Sebbene sul rating dell’Italia si può attendere – almeno fino alla presentazione del Documento di Economia e Finanza – sulla crescita i numeri parlano chiaro. Molto chiaro. Per questo l’agenzia americana Moody’s ha annunciato oggi il declassamento sulle stime di crescita del Prodotto Interno Lordo Italiano dall’1,5% al 1,2% per il 2018 e dall’1,2% all’1,1% per il 2019. La motivazione: durante il secondo trimestre di quest’anno c’è stata una forza inferiore alle attese.

Diverse decisioni ma collegate? Sull’Italia sembrano esserci tutti gli indicatori: una tempesta perfetta sta per arrivare.

In una conversazione con Formiche.net, Marco Fortis, vicepresidente di Fondazione Edison e docente alla Cattolica di Milano, ha spiegato che il declassamento della crescita da parte di Moody’s non è una sorpresa: rispetto all’anno scorso c’è un rallentamento forte. Ed è un trend condiviso dal resto dell’Europa. In quasi tutti i Paesi della zona euro l’adeguamento generale delle previsioni è ritoccato verso il basso.

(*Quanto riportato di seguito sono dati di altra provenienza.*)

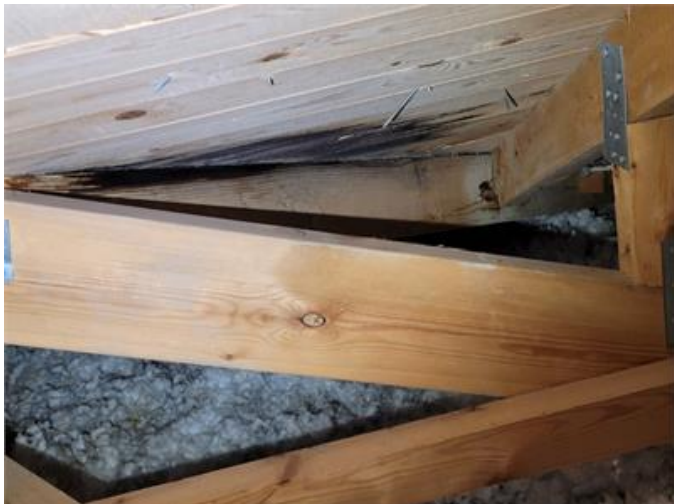
Läckage i yttertak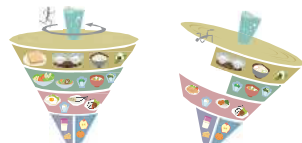
バランスの良い例 バランスの悪い例

食事バランスガイドとは、1日に「何を」「どれだけ」食べたらよいかわかる食事量の目安です。「主食」「副菜」「主菜」「牛乳・乳製品」「果物」の5グループの料理や食品を組み合わせるとるよう、コマに例えてそれぞれの適量をイラストでわかりやすく示しています。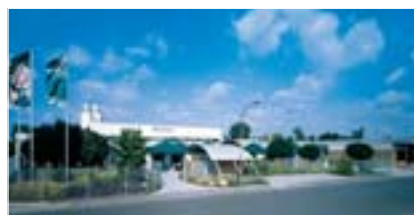
Silikal, Produktion und Verwaltung in Mainhausen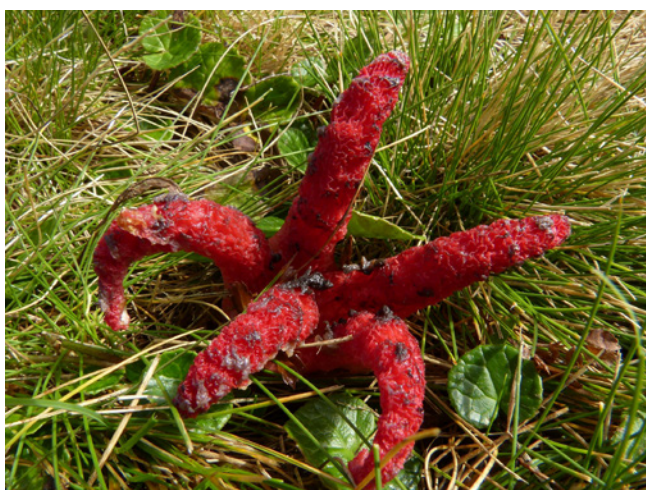
Anthurus étoilé

L'Anthurus étoilé et le Clathre rouge sont deux curiosités introduites dans notre flore fongique. Si le premier est probablement arrivé en Europe dans des cargaisons de laine en provenance d'Australie, le second a vraisemblablement été introduit avec du matériel végétal issu de la région méditerranéenne. Aucune propriété invasive n'est connue chez ces deux espèces de champignon. Les études scientifiques étant à ce sujet quasi inexistantes, il importe de bien observer et documenter leur propagation.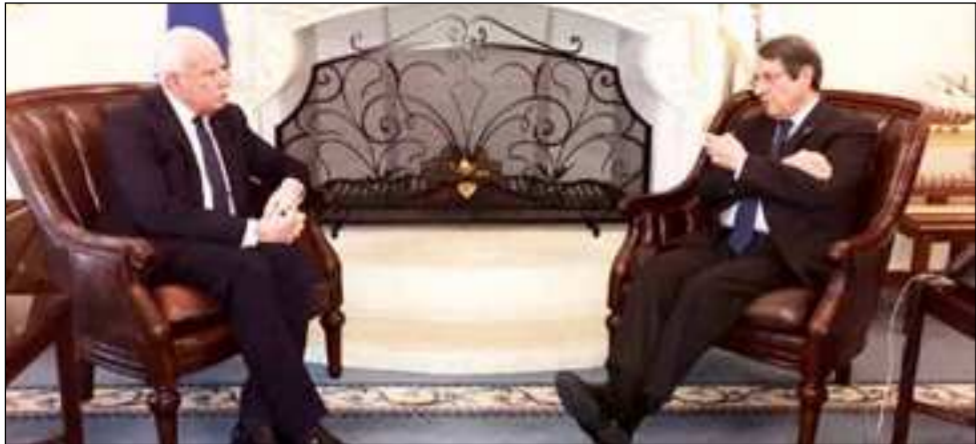
المالكي خلال لقائه الرئيس القبرصي في نيقوسيا.

وأكد الوزيران أهمية الدعم والتعاون والتنسيق المشترك في جميع المجالات وعلى المستويات كافة، واتفاق على عقد مشاورات سياسية قريباً، وتم توقيع بروتوكول المشاورات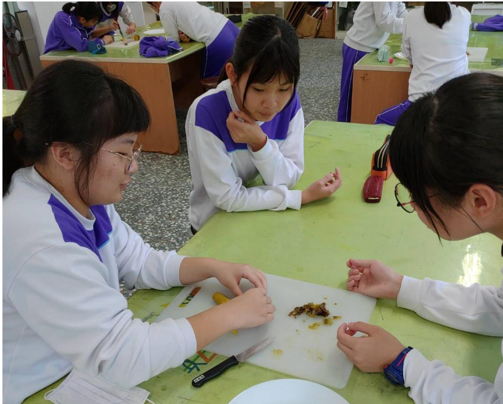
學生分組討論與實作

Invece la scelta di rimandare la pubblicazione del rating è una decisione prudenziale. Non tutto è perso. L’agenzia vuole prima vedere quale sarà la linea del nuovo esecutivo italiano. Se con i fatti in materia di politica economica sarà onorato il contratto di governo siglato tra il Movimento 5 Stelle e la Lega (con la sfida alle regole dell’Unione europea e la revisione degli impegni europei) o se pervaderà la linea prudente del ministro dell’Economia, Giovanni Tria, per evitare la crisi. “Rinviare il rating è una scelta tattica – spiega Fortis -. Loro vogliono capire quale sarà l’orientamento delle politiche economiche. Fino ad ora ci sono stati molti annunci e proclami ma nulla di concreto. […] Il ritorno alla normalità dipenderà da cosa sarà annunciato”.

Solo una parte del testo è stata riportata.